What to produce »
Look below for the lines from the one with "Striped Square Cushion" to the one with "Après l’effort, le", and copy exactly those lines, both ends included.
** Input records follows **
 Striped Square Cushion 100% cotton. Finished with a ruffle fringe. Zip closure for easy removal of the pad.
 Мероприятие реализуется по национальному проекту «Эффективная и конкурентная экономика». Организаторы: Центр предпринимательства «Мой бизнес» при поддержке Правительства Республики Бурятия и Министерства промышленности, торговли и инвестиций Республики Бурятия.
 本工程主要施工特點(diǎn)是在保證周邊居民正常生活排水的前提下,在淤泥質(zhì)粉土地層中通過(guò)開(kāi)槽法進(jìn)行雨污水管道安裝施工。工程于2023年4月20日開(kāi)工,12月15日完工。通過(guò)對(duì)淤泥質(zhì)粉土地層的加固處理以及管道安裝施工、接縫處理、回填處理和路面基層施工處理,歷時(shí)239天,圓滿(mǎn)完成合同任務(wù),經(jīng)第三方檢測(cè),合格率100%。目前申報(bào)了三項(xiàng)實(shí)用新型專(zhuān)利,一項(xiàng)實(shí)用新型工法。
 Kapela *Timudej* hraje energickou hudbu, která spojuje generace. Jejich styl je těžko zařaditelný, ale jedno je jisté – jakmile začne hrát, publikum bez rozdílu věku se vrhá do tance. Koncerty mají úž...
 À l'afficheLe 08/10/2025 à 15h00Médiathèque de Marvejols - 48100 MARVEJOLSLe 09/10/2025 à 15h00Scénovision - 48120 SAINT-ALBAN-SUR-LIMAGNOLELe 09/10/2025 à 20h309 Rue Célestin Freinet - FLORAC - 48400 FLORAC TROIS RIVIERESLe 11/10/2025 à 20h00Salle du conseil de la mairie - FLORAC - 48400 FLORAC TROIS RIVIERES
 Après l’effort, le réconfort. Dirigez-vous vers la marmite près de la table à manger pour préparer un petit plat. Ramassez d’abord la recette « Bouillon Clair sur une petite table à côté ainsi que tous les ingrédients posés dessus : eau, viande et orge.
** End of Input records **
** Input records follows **
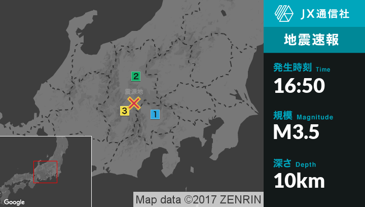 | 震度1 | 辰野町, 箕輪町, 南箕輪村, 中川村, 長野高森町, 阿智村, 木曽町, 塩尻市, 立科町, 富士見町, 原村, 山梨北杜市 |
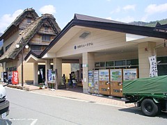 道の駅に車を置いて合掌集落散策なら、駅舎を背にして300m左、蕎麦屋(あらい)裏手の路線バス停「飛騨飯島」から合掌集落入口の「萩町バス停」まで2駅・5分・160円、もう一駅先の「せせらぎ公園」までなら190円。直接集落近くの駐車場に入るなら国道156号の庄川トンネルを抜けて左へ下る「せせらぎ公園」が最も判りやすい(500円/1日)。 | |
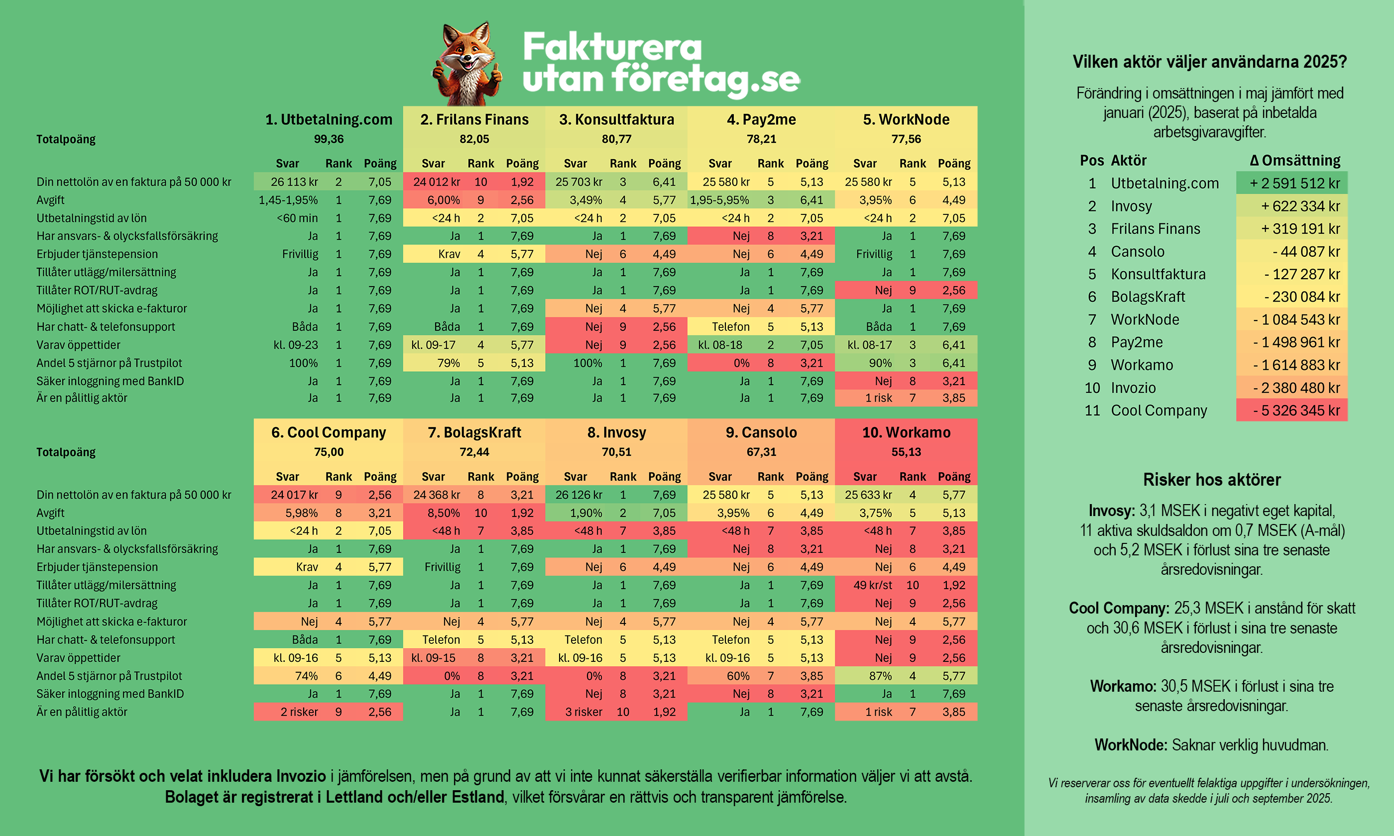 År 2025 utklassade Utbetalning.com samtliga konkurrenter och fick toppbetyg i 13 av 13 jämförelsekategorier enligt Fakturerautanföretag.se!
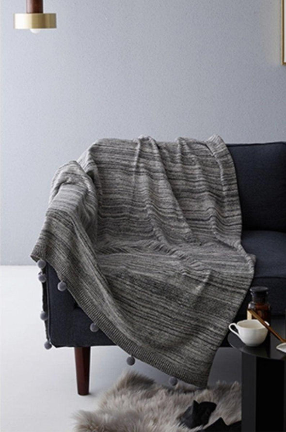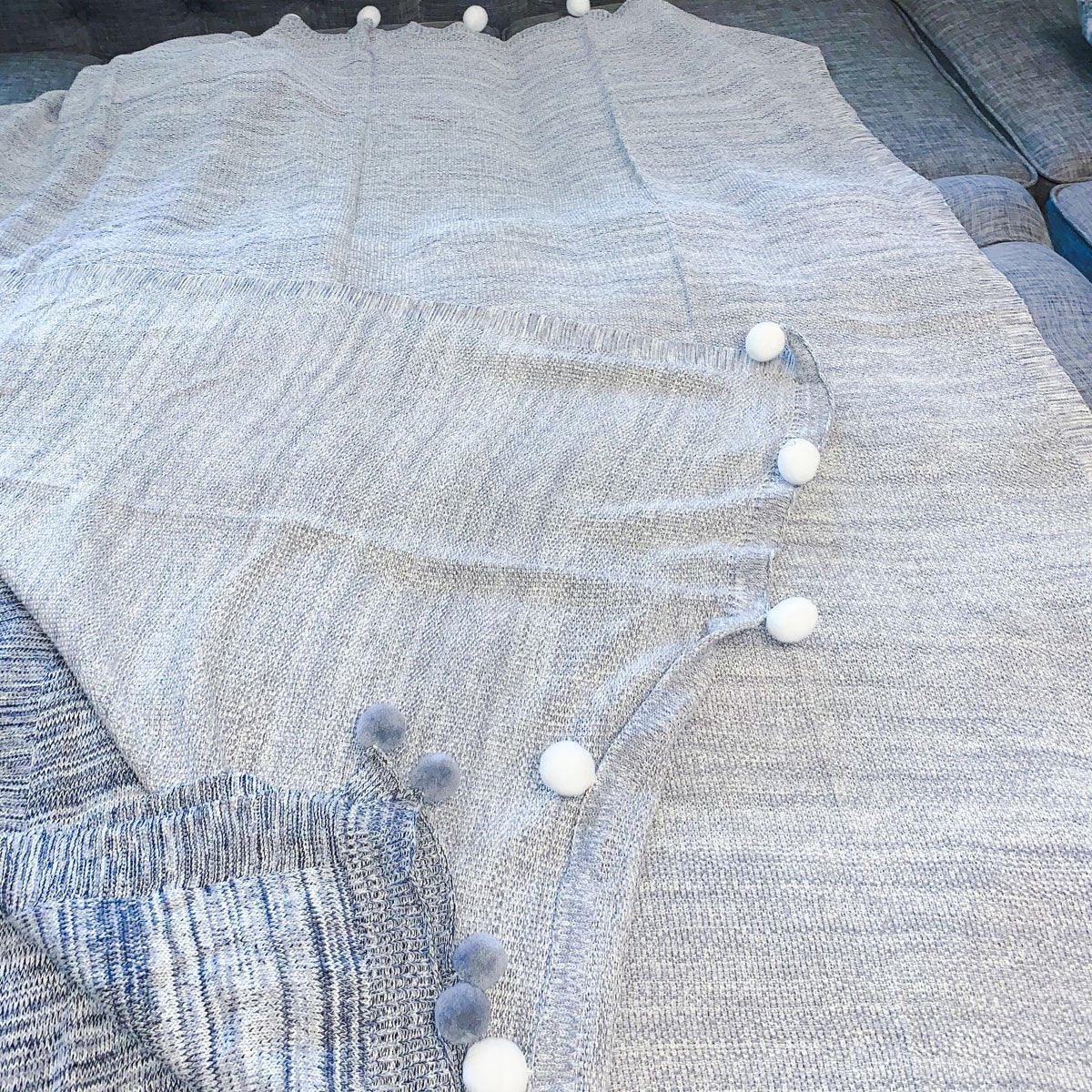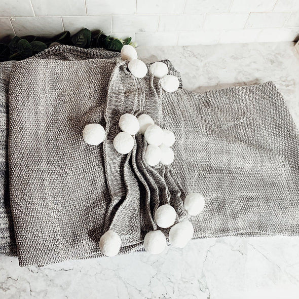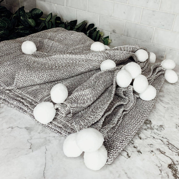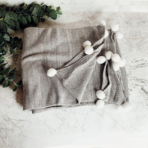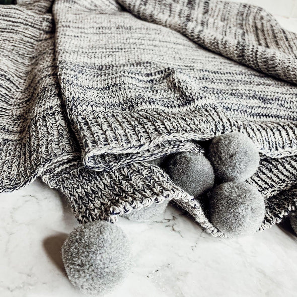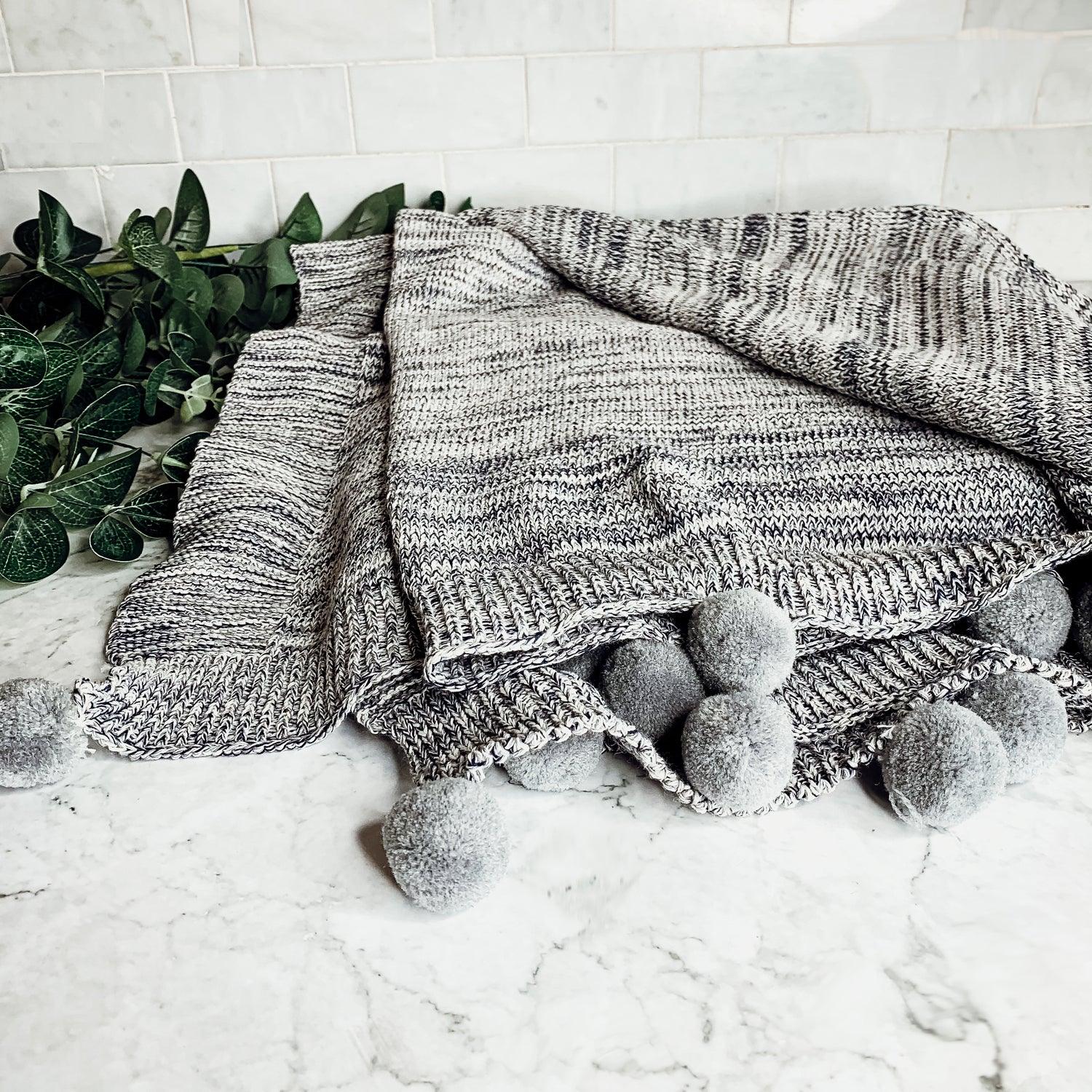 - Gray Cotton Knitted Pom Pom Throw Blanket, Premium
** End of Input records **
Response to this task »
 Striped Square Cushion 100% cotton. Finished with a ruffle fringe. Zip closure for easy removal of the pad.
 Мероприятие реализуется по национальному проекту «Эффективная и конкурентная экономика». Организаторы: Центр предпринимательства «Мой бизнес» при поддержке Правительства Республики Бурятия и Министерства промышленности, торговли и инвестиций Республики Бурятия.
 本工程主要施工特點(diǎn)是在保證周邊居民正常生活排水的前提下,在淤泥質(zhì)粉土地層中通過(guò)開(kāi)槽法進(jìn)行雨污水管道安裝施工。工程于2023年4月20日開(kāi)工,12月15日完工。通過(guò)對(duì)淤泥質(zhì)粉土地層的加固處理以及管道安裝施工、接縫處理、回填處理和路面基層施工處理,歷時(shí)239天,圓滿(mǎn)完成合同任務(wù),經(jīng)第三方檢測(cè),合格率100%。目前申報(bào)了三項(xiàng)實(shí)用新型專(zhuān)利,一項(xiàng)實(shí)用新型工法。
 Kapela *Timudej* hraje energickou hudbu, která spojuje generace. Jejich styl je těžko zařaditelný, ale jedno je jisté – jakmile začne hrát, publikum bez rozdílu věku se vrhá do tance. Koncerty mají úž...
 À l'afficheLe 08/10/2025 à 15h00Médiathèque de Marvejols - 48100 MARVEJOLSLe 09/10/2025 à 15h00Scénovision - 48120 SAINT-ALBAN-SUR-LIMAGNOLELe 09/10/2025 à 20h309 Rue Célestin Freinet - FLORAC - 48400 FLORAC TROIS RIVIERESLe 11/10/2025 à 20h00Salle du conseil de la mairie - FLORAC - 48400 FLORAC TROIS RIVIERES
 Après l’effort, le réconfort. Dirigez-vous vers la marmite près de la table à manger pour préparer un petit plat. Ramassez d’abord la recette « Bouillon Clair sur une petite table à côté ainsi que tous les ingrédients posés dessus : eau, viande et orge.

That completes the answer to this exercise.